Патриот. Смута. Том 5 (СИ) - Колдаев Евгений Андреевич
Повисла тишина
— Чего, Фрол, давай, договаривай.
— Да… На Мнишек он смотрел, ох… Ох, как смотрел. Словно дырочку сверлил.
Криво улыбнулся старик, пошло так.
— Смотрел? — Я идею Войского понял, но решил переспросить, чтобы точно уж понять, что он имеет в виду.
— Да. Грешным делом, я уж думал, что может дело-то не в ней, а в царьке. Отсюда и деток нет. И что этот казак, раз неровно дышит к ней, то и проблему решит. Только… А как это сказать и тем более сделать? — Он плечами пожал. — Мнишка же она не сабля, кто смеет, тот и владеет. Она же свой характер имеет. Инператрица.

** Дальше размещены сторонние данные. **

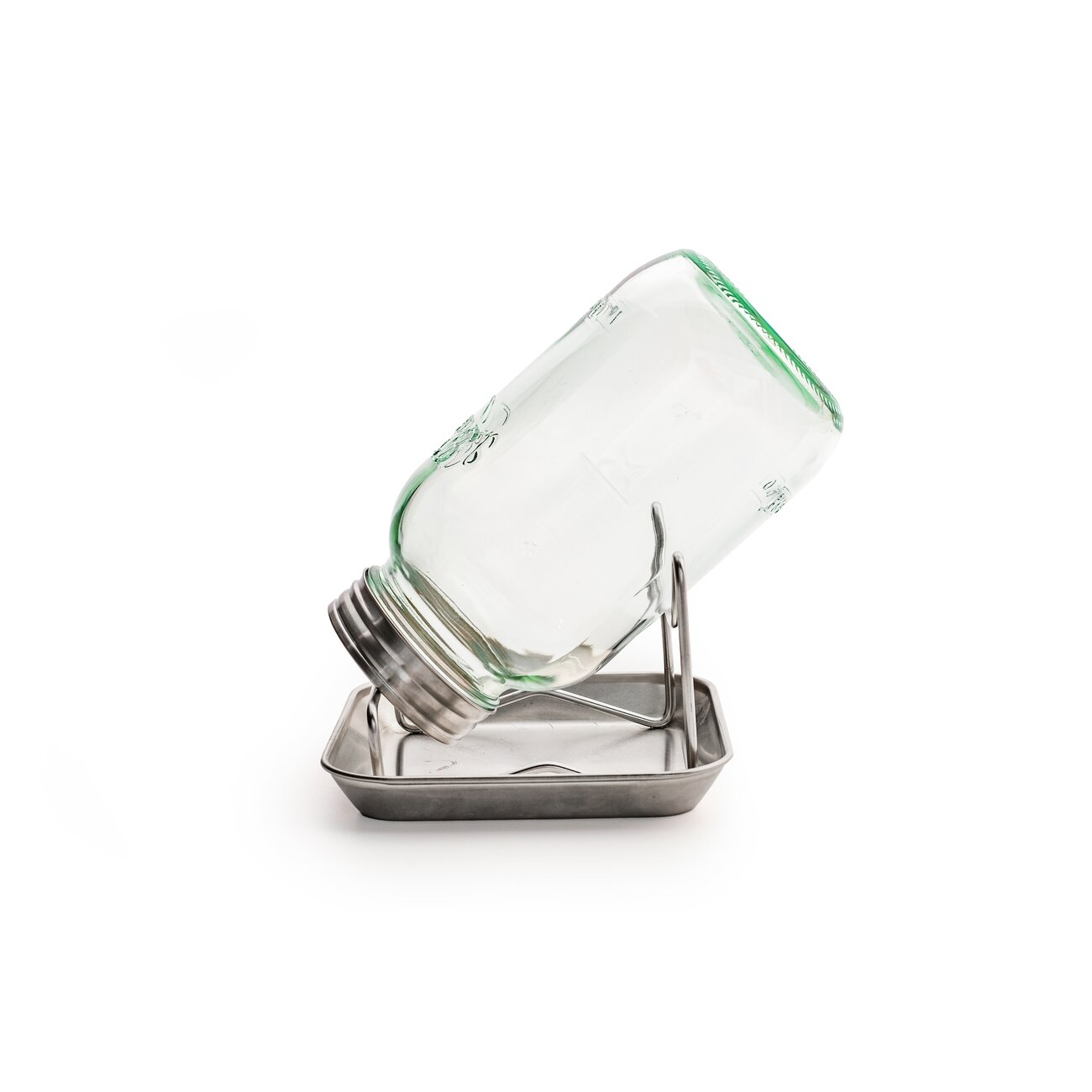 3. Das Glas mit dem Deckel nach unten schräg auf eine Unterlage stürzen, damit das restliche Wasser abfließen kann.

Как о себе говорила и писала.
Понятно. За такое и голову отсечь могли, причем не Заруцкому, а именно Войскому, как предложившему компромиссное решение с зачатием. Легко на кол бы пошел.
— Еще кто?
— О… Дальше, Игорь Васильевич. Дальше сущие звери. Только они давно не за Лжедмитрия. Сами по себе. Грабят, убивают, жгут окрест все. Именем царя прикрываются.
— Лисовский? — Имя этого упыря я знал. Сквозь зубы произнес.

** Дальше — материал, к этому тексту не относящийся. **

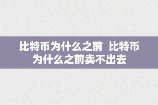 比特币为什么之前及比特币为什么之前卖不出去

Попадись он ко мне в руки, недолго думая, без суда какого-то на кол бы посадил. Здесь без раздумий и всякой жалости. Такого этот человек на Руси матушке натворил, что прощения ему нет. Никакого. За подобное простить нельзя. Только на кол и смерти мучительной предать. А потом напоказ людям явить, чтобы знали, что монстр этот наконец-то дуба дал.
— Да, господарь, Игорь. — Лицо старика исказилось.
— Что, страшный человек?
Ответ я знал.
— Человек ли? — Он перекрестился, покачал головой. — Это бес в человечьей шкуре. Какие люди с ним. Чудовища, звери, нехристи. Такими только сам дьявол руководить может. Не иначе.

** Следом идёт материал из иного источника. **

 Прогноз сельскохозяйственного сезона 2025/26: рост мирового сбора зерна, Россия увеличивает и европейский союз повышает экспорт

Он перекрестился еще раз, продолжил:
— Ну и еще несколько атаманов. Поменьше. Просовецкий, например.
Забавное имя у человека было. Советской власти-то еще не было, четыре сотни лет с небольшим до нее. А он уже. Про-совецкий. Понимал я, конечно. Что имя это от слова «просо», скорее всего. Но, все равно каждый раз, когда слышал и в литературе читал, улыбался.
— Что Просовецкий?
— Да чего. Ну, поменьше Заруцкого силы его. Хотя человек уважаемый, конечно. Не такой дьявол, как Лисовский, но тоже тот еще лиходей. Тоже сам по себе где-то на севере, за Московой дела свои делает. В Тушине его давно не видели.
— Ясно. Еще кто?
Он вновь почесал затылок, наморщил лоб.
— Сапега еще. Ян! Точно! Прости господарь, забыл про него. Он же Троице-Сергиев монастырь осаждал. В лагере мало бывал. Он на севере за Москвой там был. Не в Тушине. Вроде как Скопин его разбил, войска рассеял. Они там с Лисовским, Просовецким и еще несколькими последний год всякое творили. Но поскольку все это далеко, куда и как, когда посыпалось все, не скажу. Где он сейчас, не знаю. Думаю к Димтрию придет, или уже там.
— Много. — Протянул я.
Действительно много вокруг Лжедмитрия людей было. Именно было, а не есть сейчас. Преимущественно ляхи, конечно, поначалу. Но тот, первый, кого Войский назвал — Трубецкой. Боярин известный, член семибоярщины, которая Владислава на трон русский сажать будет, летом, после Клушино и пострига насильно Шуйского в монахи.
Так. С этим ясно, более или менее. После развала лагеря все разбежались. Ляхи к своим, казаки на Дон или просто грабить окрест. Но, соберутся опять, как только Василия не станет. Тогда силу почувствуют.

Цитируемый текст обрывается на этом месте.